宇文雪面如死灰,此刻再辯駁,都是徒勞無功,沒有人會相信她的謊言。
「啪!」
清晰的脆響,驀然在包廂內奏響,久久回蕩,眾隊員紛紛移開目光……
「喬芋芯,你敢打我?」
宇文雪模著自己的臉,頓時紅了一片,目瞪口呆,瞠目結舌,看著喬芋芯的眼楮盛滿不敢置信。
喬芋芯怎麼敢?此時隊員同學都在這里,還有皇家傳媒大學的亞歷克斯和北邵寒,她就不怕被人詬病?

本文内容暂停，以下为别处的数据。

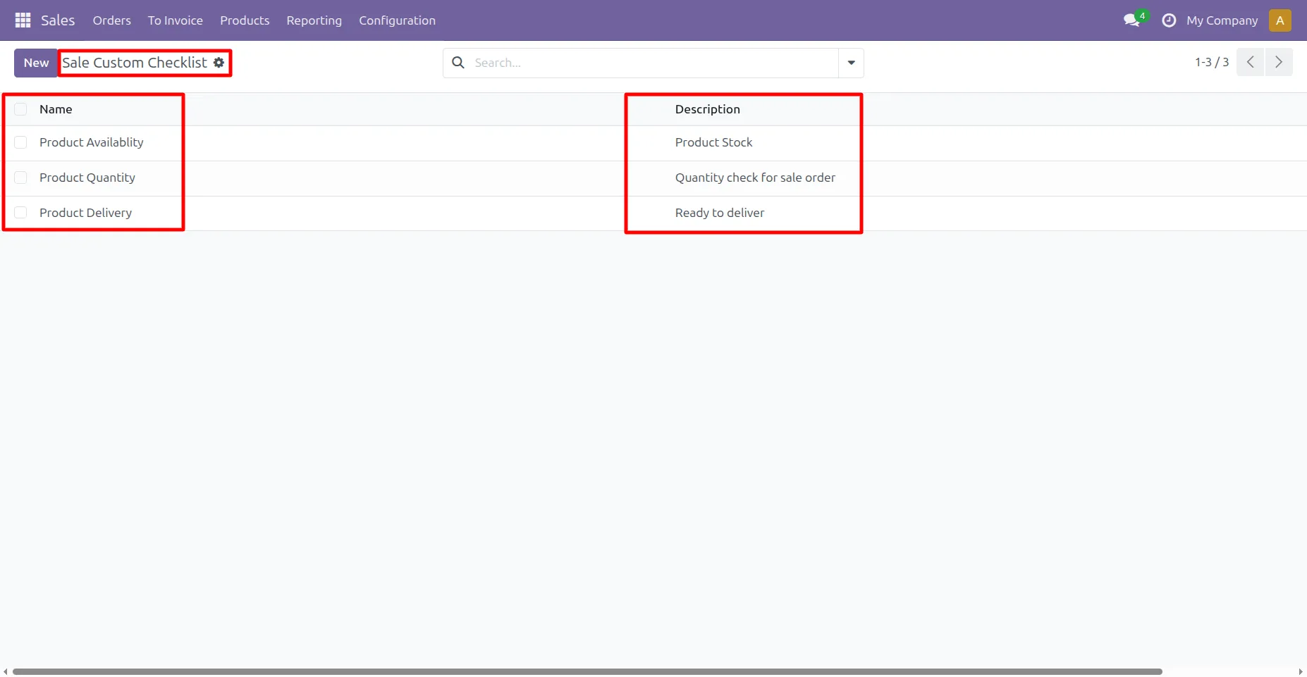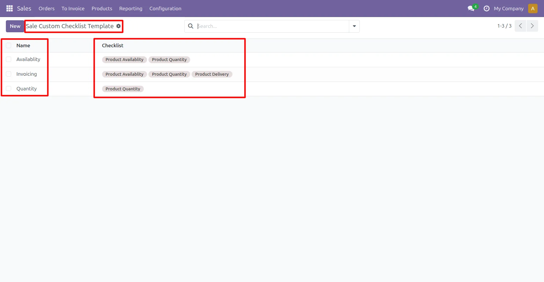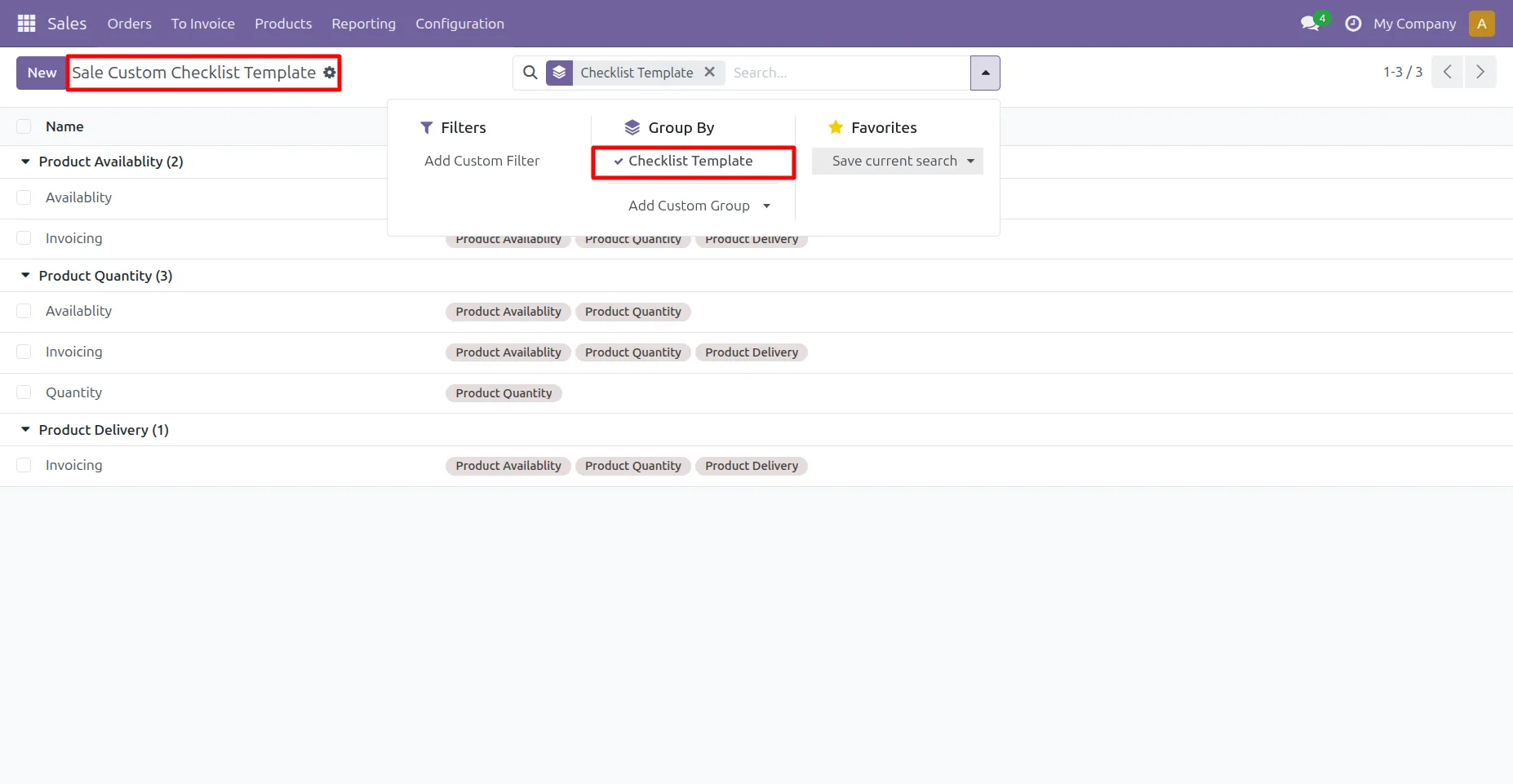 5. Go to Sale -> Configuration -> Sale Custom Checklist Template menu
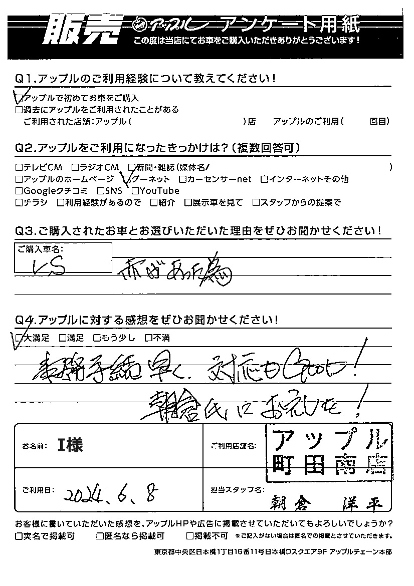 お車のご相談・ 査定だけでもOK! カンタン 入力 30秒 アップルがブランド買取始めました! お電話でも受付中! 受付時間10:00 ~19:00 042-788-4511 お車のご相談・ 査定だけでもOK! カンタン 入力 30秒 アップルがブランド買取始めました! お電話でも受付中! 受付時間10:00 ~19:00 042-788-4511 アップルがブランド買取始めました! お電話でも受付中! 受付時間10:00 ~19:00 042-788-4511 店舗情報 在庫車 スタッフ紹介 ブログ お客様の声 キャンペーン お得 無料査定 click お客様の声 ご記入日: 2024/07/18 I様 車名:レクサス ご利用日:2024年6月8日 担当:朝倉洋平アップルに対する感想をぜひお聞かせください!事務手続早く、対応もGood!朝倉氏にお礼を! 前へ 次へ お客様の声一覧を見る
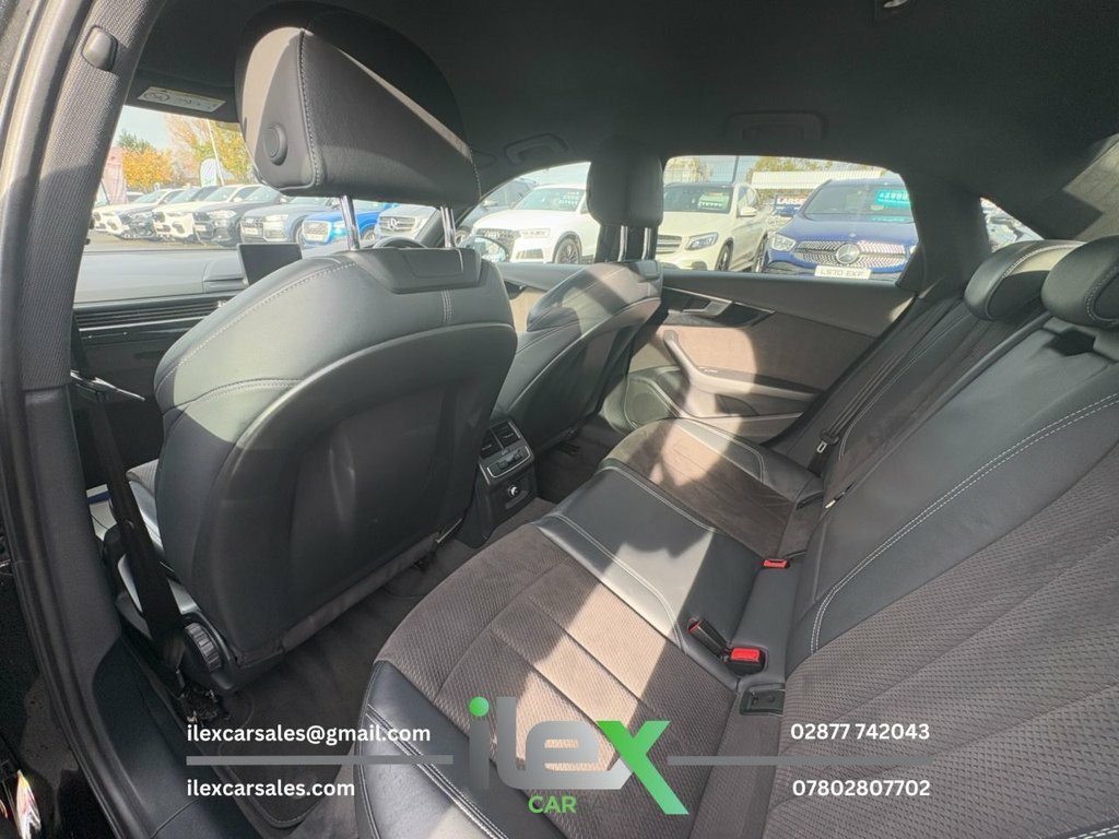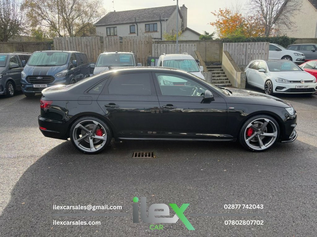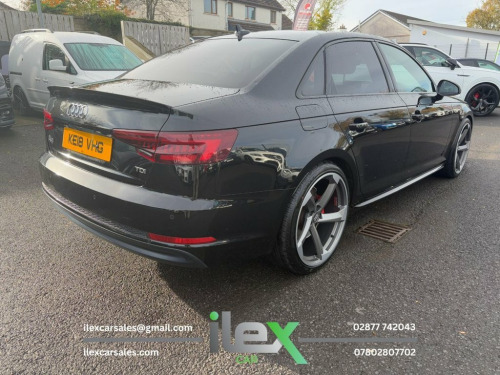2018 Audi A4 2.0 TDI Black Edition This is the A4 everyone wants — Black Edition styling, S-Tronic gearbox, serious road presence and loaded spec. Sleek, sharp and finished in Brilliant Black with privacy glass and those iconic 19" Rotor alloys. Highlights: 2.0 TDI | S-Tronic Auto 190BHP | Only 81,294 Miles Black Edition Styling Pack 20" alloys £895 optional extra Heated Front Sports Seats Flat-Bottom Multi-Function Steering Wheel Audi Smartphone Interface | DAB | Bluetooth Deluxe 3-Zone Climate Control MMI Navigation | Parking System Plus LED Headlights + Dynamic Rear Indicators Price: £14,995 416 Ballyquin Road, Dungiven, Co. Derry 02877 742043 | 07802 807702 www.ilexcarsales.co.uk – View all stock 19in Alloy Wheels - 5-Arm Rotor Matt Tit, 4-Way Electric Lumbar Support, 6-Airbag System, Anti Theft Locking Wheel Bolts, Anti-Theft Alarm, Audi Connect - 3 Month Trial, Audi Connect Safety and Service - e-call, Audi Drive Select, Audi Smartphone Interface, Audi Sound System, Auto-Dimming Rear-View Mirror, Black Styling Package, Bluetooth Interface, CD Drive, Chrome-Plated Trims for Exhaust System, Cloth Headlining in Black, Cruise Control System with Freewheeling , DAB Digital Radio, Deluxe 3-Zone Electronic Climate Control, Door Handles - Body Coloured, Door Mirrors - Electrically Adjustable a, Driver Information System - 7in Colour D, Electric Boot Lid Release, Electric Windows - Front an
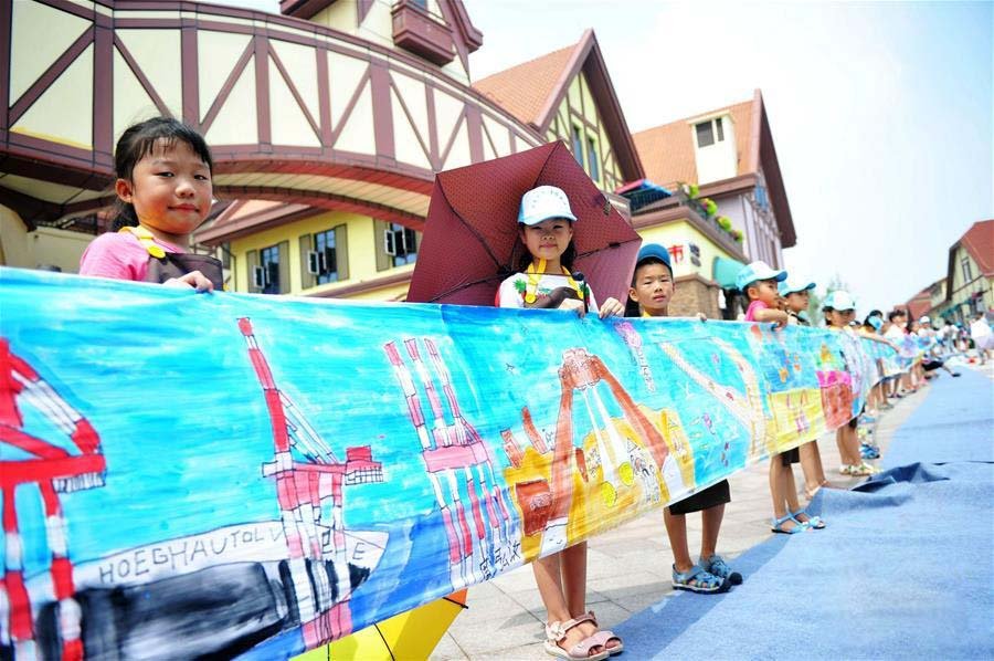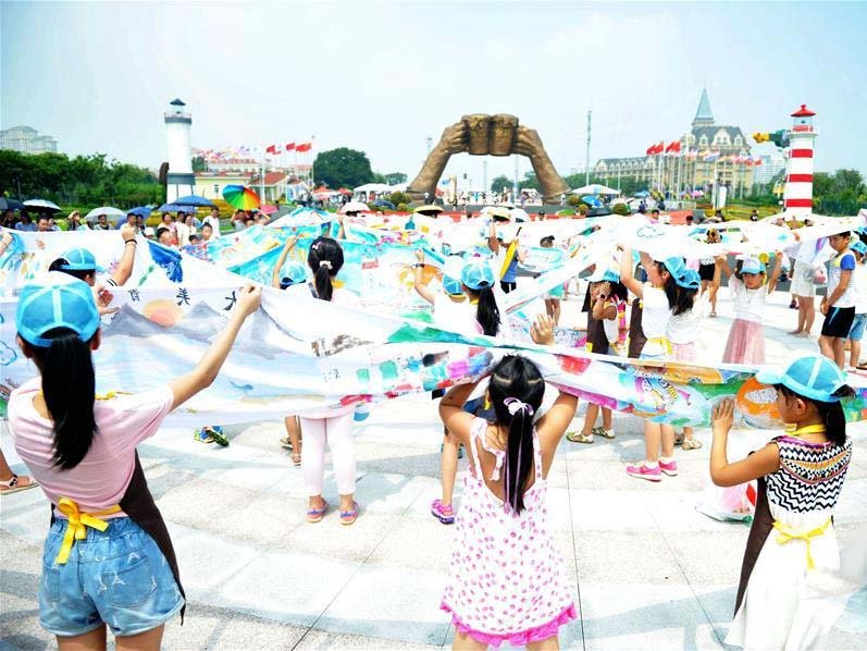8月5日,孩子们在山东青岛金沙滩啤酒城展示自己创作的百米长卷。
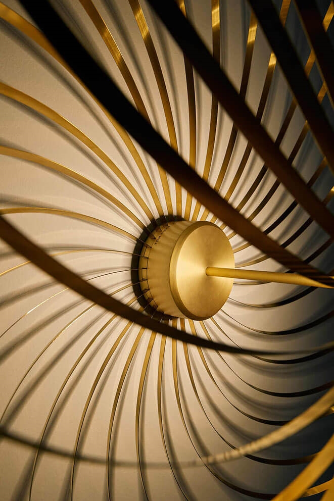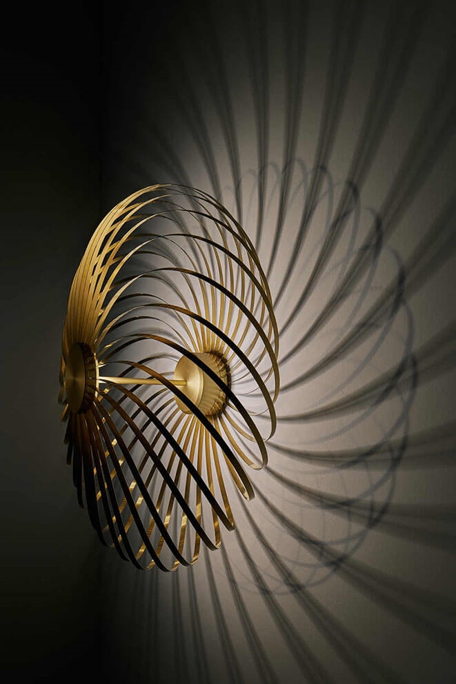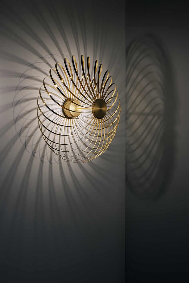 Die Spring Wandleuchte besteht aus mehreren Bändern aus Edelstahl mit Messingfinish, die in der Silhouette einer Feder ähneln. Die Wandleuchte bietet ein schönes Zusammenspiel von Licht und Schatten und passt gut ins Wohnzimmer oder Schlafzimmer und trägt als Designelement zur Einrichtung bei.
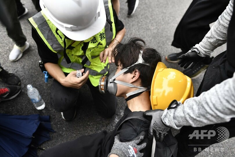 【7月27日 AFP】香港北西部の元朗(Yuen Long)区で27日、1週間前に起きた白服の集団による民主派デモ参加者襲撃に抗議する人々に向けて、警官隊が催涙弾を発射した。国際的な金融のハブ(中心地)である香港は、混乱の様相を呈している。
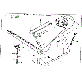 Parts for Kenmore 867.765921 (867765921, 867 765921): Burner And Manifold Assembly Parts
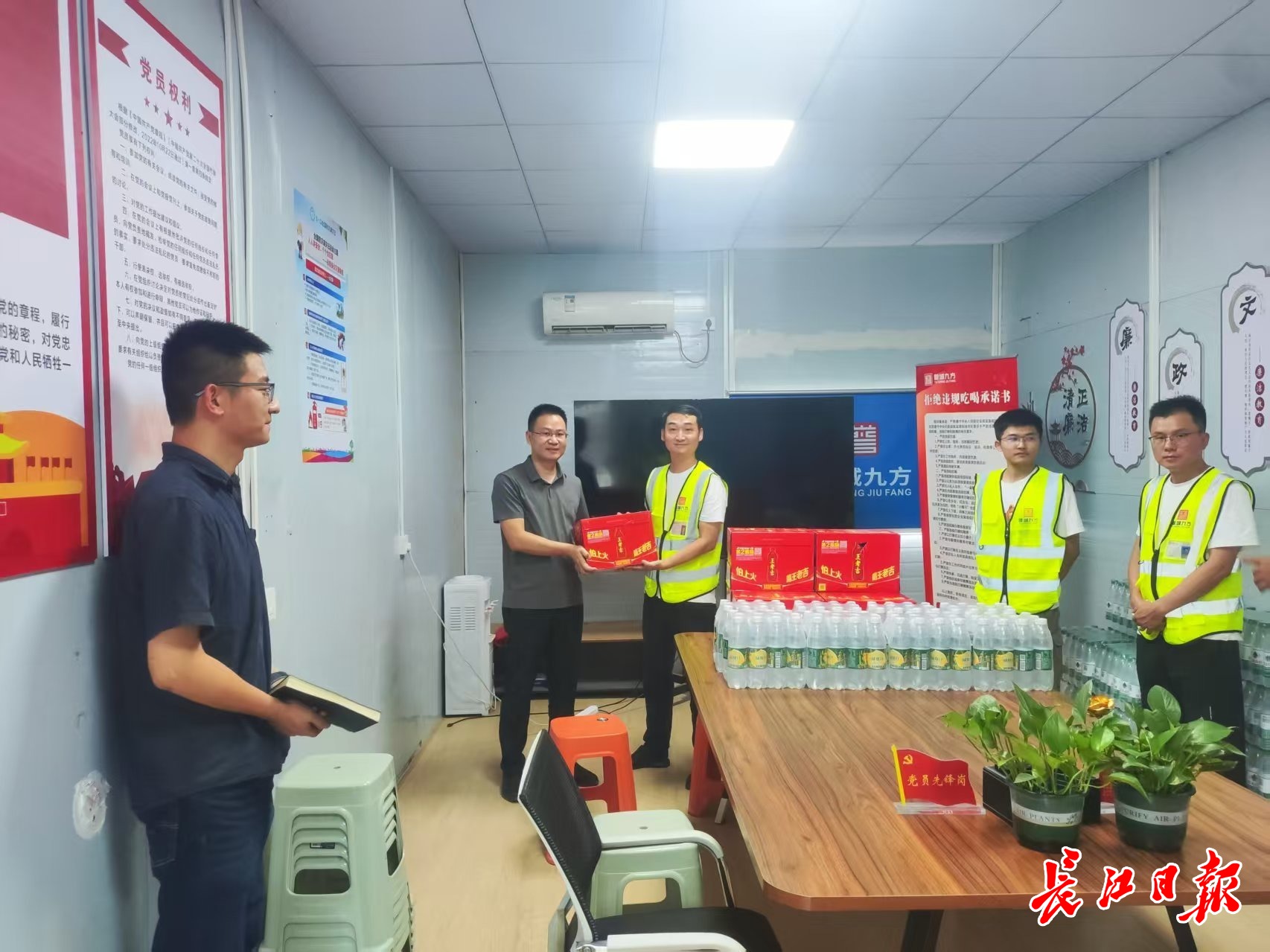 誉城九方公司给工人送来清凉。记者汪文汉 摄
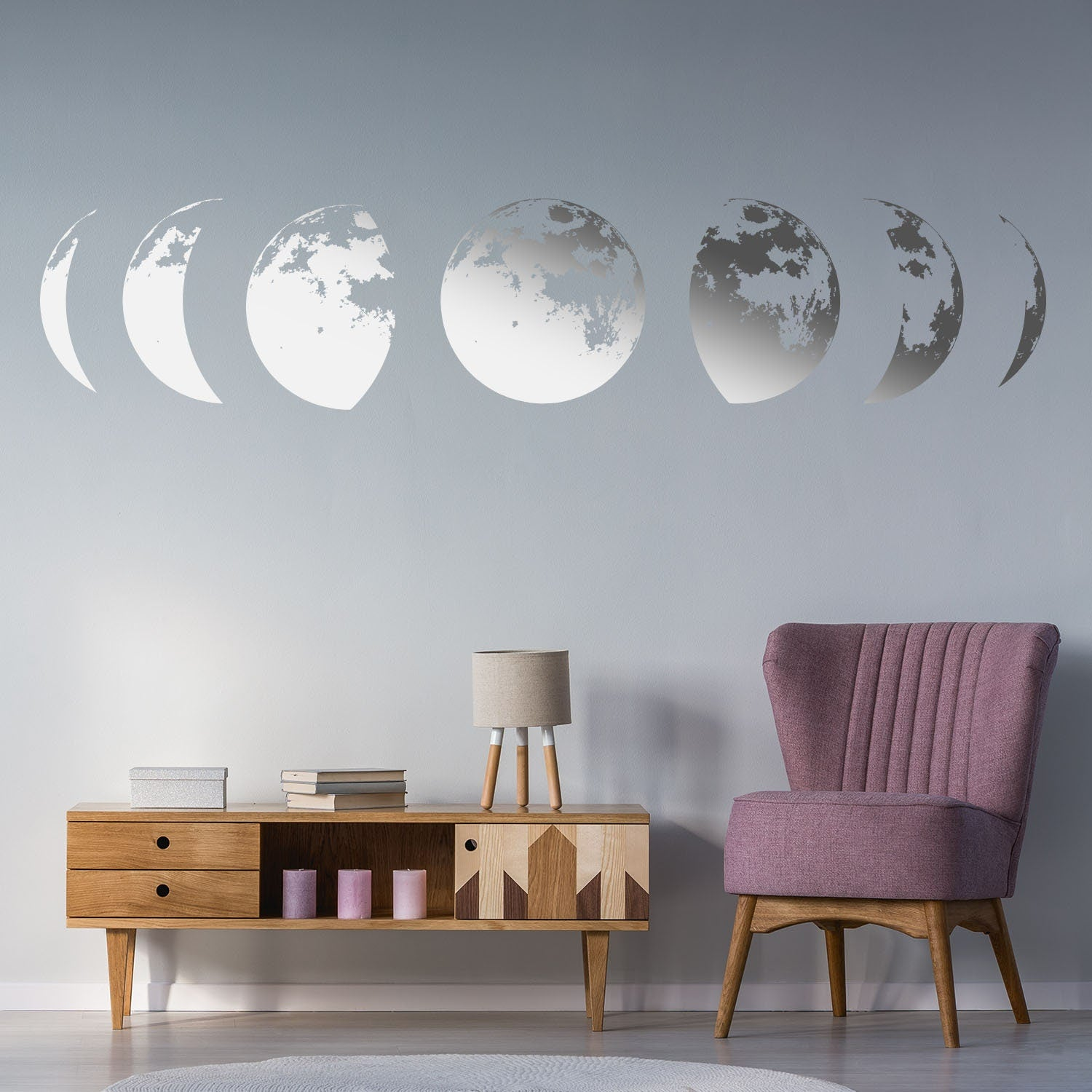Don't settle for ordinary wall decor, add a touch of celestial beauty with the Moon Phases Wall Decor Decal. Its uniqueness and elegance will surely make it a conversation starter and a focal point in any room. Get yours today and transform your space into a stunning work of art.

「怎麼不敢?呵……宇文雪,我打你一巴掌算輕的,要不是我和我的男朋友感情好,恐怕我們都會被你害分手。」
喬芋芯一臉雲淡風輕,仿若打人的不是她一樣。
北邵寒握起喬芋芯打人的手掌,有點泛紅,狹長的鳳眸眯起,閃過戾氣。
「對付小丑而已,不必親自動手。說吧,想怎麼死?」
北邵寒的眉宇間,倏地劃過狠厲的神色,犀利的目光,直指臉色蒼白的宇文雪!
他說,想怎麼死?
宇文雪在那一瞬間,腿都軟了,渾身冒起森冷的寒氣,仿佛被帶著劇毒的毒蛇盯上,一陣毛骨悚然!
「不,我不想死……」
宇文雪死死咬著下唇,瞳孔收縮,雙眼無神,現在在國外,如果她死了,恐怕真的沒人管……
不要!
「宇文雪,你保持冷靜,現在要對芋芯道歉,獲得她的原諒,我相信北少不會對你怎樣的。」
站在一邊看戲的隊員,有人忍不住開口,雖然得罪了權勢巨大的人物,但也不是沒有辦法啊。
北邵寒涼涼地瞥了一眼多嘴的人,那人接觸到他那張侵略性極強的俊臉,不禁縮了縮脖子,生怕被盯上。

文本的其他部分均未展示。